▸ **Data block**
⟨
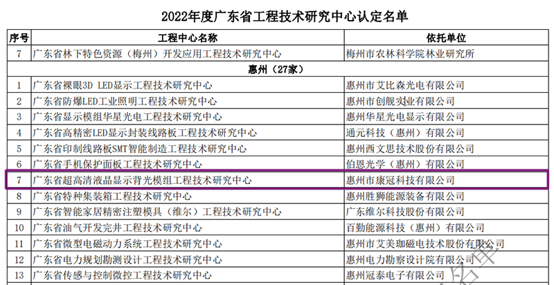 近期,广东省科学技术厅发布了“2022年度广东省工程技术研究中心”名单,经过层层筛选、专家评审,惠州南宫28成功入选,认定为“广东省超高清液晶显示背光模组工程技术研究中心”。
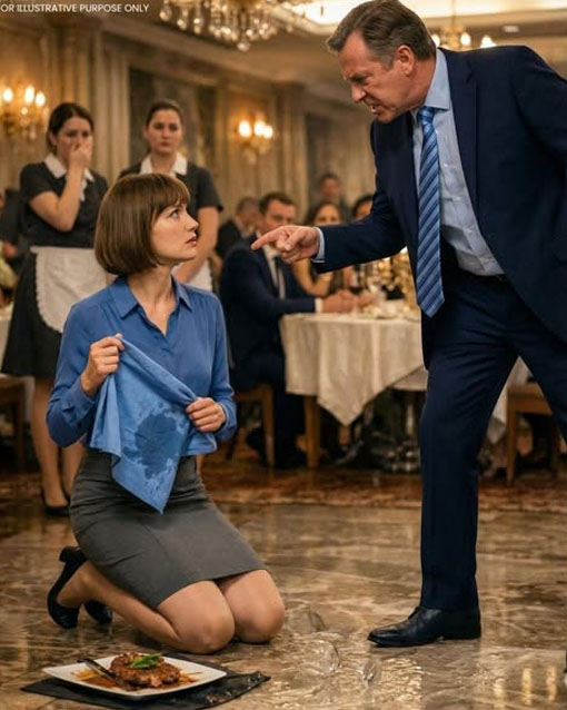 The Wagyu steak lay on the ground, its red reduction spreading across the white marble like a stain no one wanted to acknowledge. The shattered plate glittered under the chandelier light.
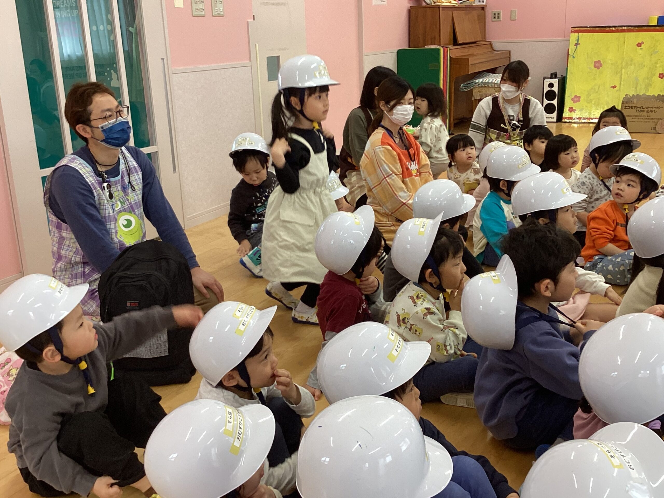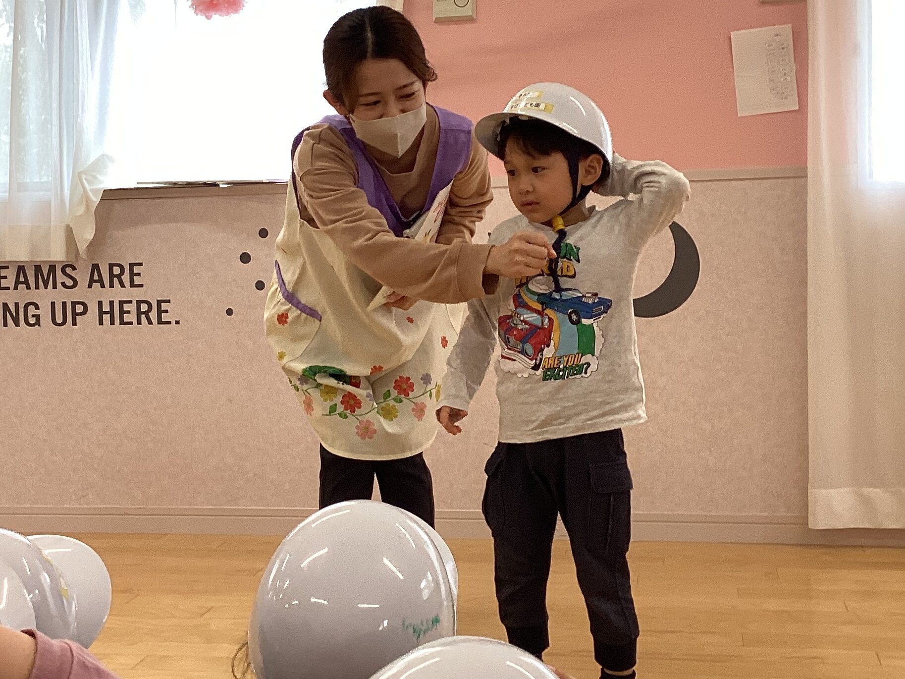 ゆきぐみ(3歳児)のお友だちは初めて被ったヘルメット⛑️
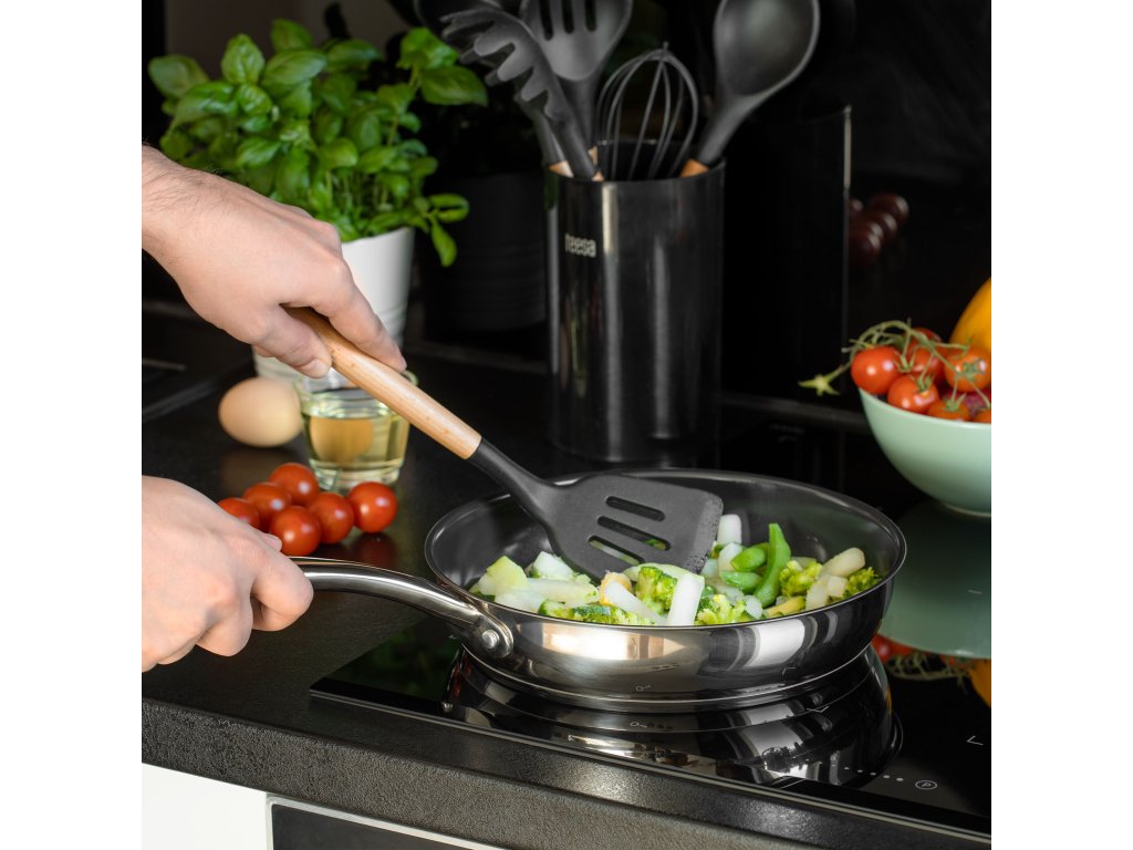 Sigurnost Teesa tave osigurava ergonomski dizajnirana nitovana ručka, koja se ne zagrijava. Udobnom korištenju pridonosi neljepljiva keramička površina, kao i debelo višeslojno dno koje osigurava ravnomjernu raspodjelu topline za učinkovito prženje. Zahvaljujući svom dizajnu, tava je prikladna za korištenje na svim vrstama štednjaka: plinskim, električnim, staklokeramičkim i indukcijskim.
⟩
▸ **Work to complete**
The lines to copy exactly start with the line above that has "The Wagyu steak" and go on through the line that has "ゆきぐみ(3歳児)のお友だちは初めて被ったヘルメット⛑️"; please include both, add nothing else, and omit the pictures.

▸ **Response to the task**
 The Wagyu steak lay on the ground, its red reduction spreading across the white marble like a stain no one wanted to acknowledge. The shattered plate glittered under the chandelier light.
 ゆきぐみ(3歳児)のお友だちは初めて被ったヘルメット⛑️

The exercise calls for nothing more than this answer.